Letter measures 17.5 X 11 cm. sheet measures 37 X 24 cm
Hugh Lupus Grosvenor, 1st Duke of Westminster, KG PC JP (13 October 1825 – 22 December 1899), styled Viscount Belgrave between 1831 and 1845 and Earl Grosvenor between 1845 and 1869 and known as The Marquess of Westminster between 1869 and 1874, was an English landowner, politician and racehorse owner. He inherited the estate of Eaton Hall in Cheshire and land in Mayfair and Belgravia, London, and spent much of his fortune in developing these properties. Although he was a member of parliament from the age of 22, and then a member of the House of Lords, his main interests were not in politics, but rather in his estates, in horse racing, and in country pursuits. He developed the stud at Eaton Hall and achieved success in racing his horses, winning the Derby on four occasions. Grosvenor also took an interest in a range of charities. At his death he was considered to be the richest man in Britain.

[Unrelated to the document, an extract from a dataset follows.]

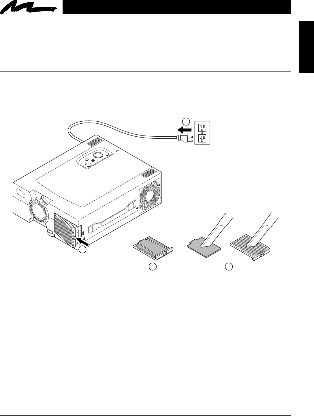 Clean the air filter about every 50 hours. If air flow is restricted due to dust accumulation on filter, the projector
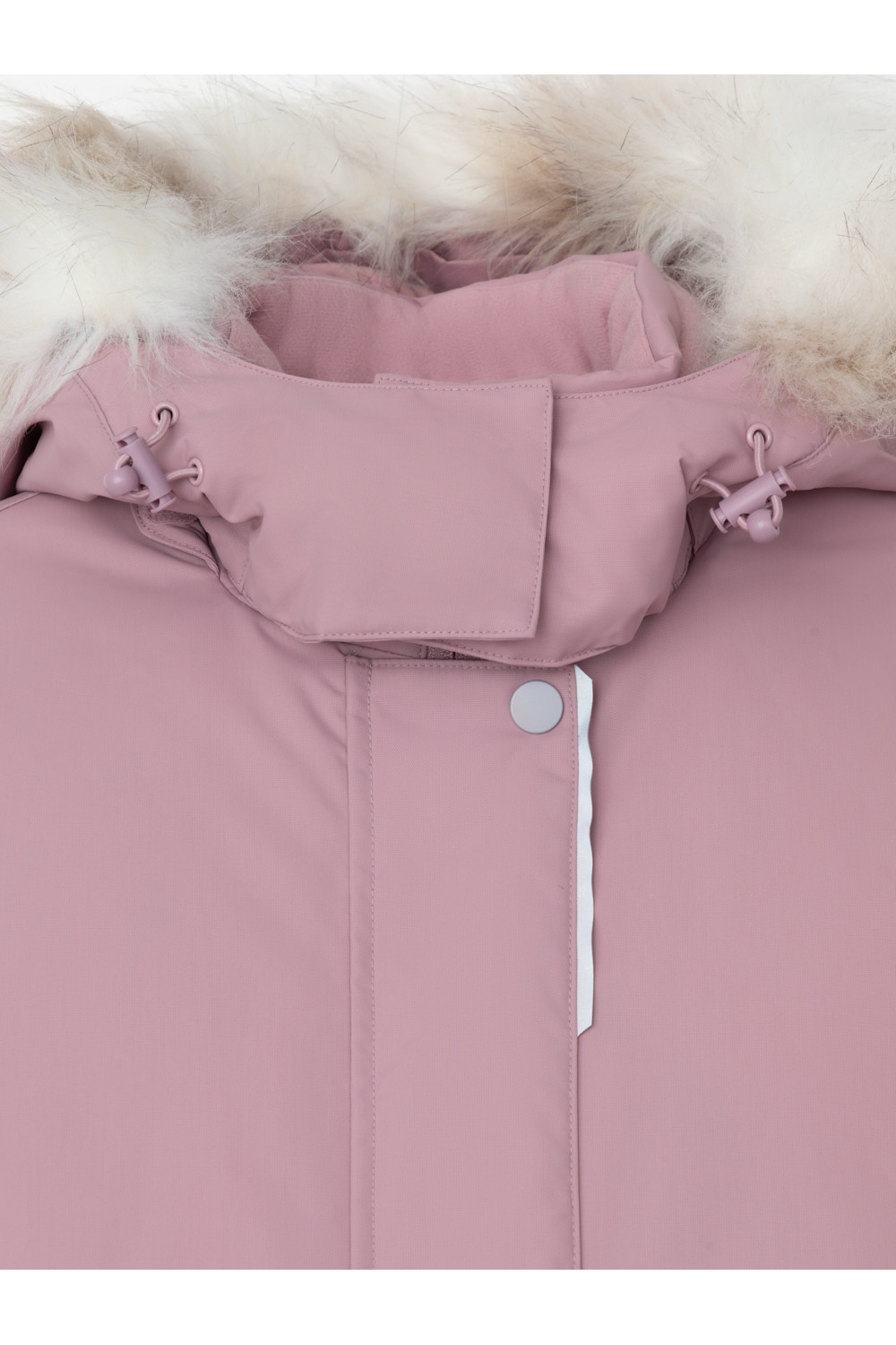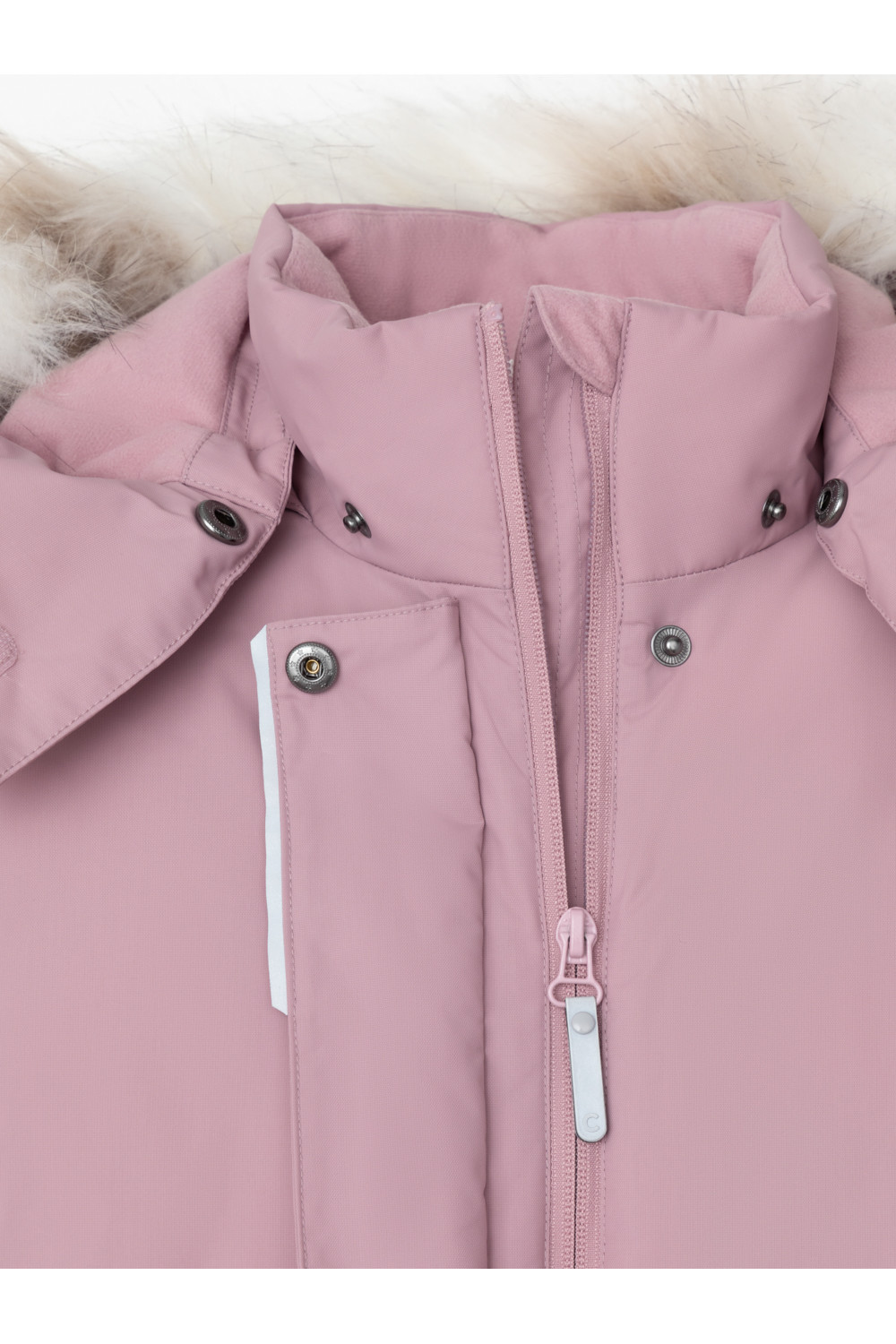 Зимняя куртка для девочки с утеплителем SEE®: 250 г/м2. Выполнена из мембранной ткани с дополнительной тефлоновой обработкой, которая предохраняет изделие от загрязнений и отталкивает влагу. Подклад выполнен из 100% полиэстера Tricot. Куртка застёгивается на молнию, предусмотрена защита подбородка. Съёмный капюшон на кнопках и липучках имеет отстёгивающийся искусственный мех на молнии и эластичную утяжку со стопперами. На рукавах мягкие внутренние манжеты. По бокам два кармана с клапанами на кнопках. Изнутри кулиска по талии для регулировки ширины куртки. Во всех изделиях верхнего ассортимента для безопасности ребёнка предусмотрены светоотражающие элементы.

Robert Dudley Baxter (1827 – 1875) was an English economist and statistician, educated privately and at Trinity College, Cambridge University. He studied law and entered his fathers firm of Baxter & Co., solicitors, with which he was connected until his death. Though studiously attentive to business, he was enabled, as a member of the Statistical and other learned societies, to accomplish much useful economic work.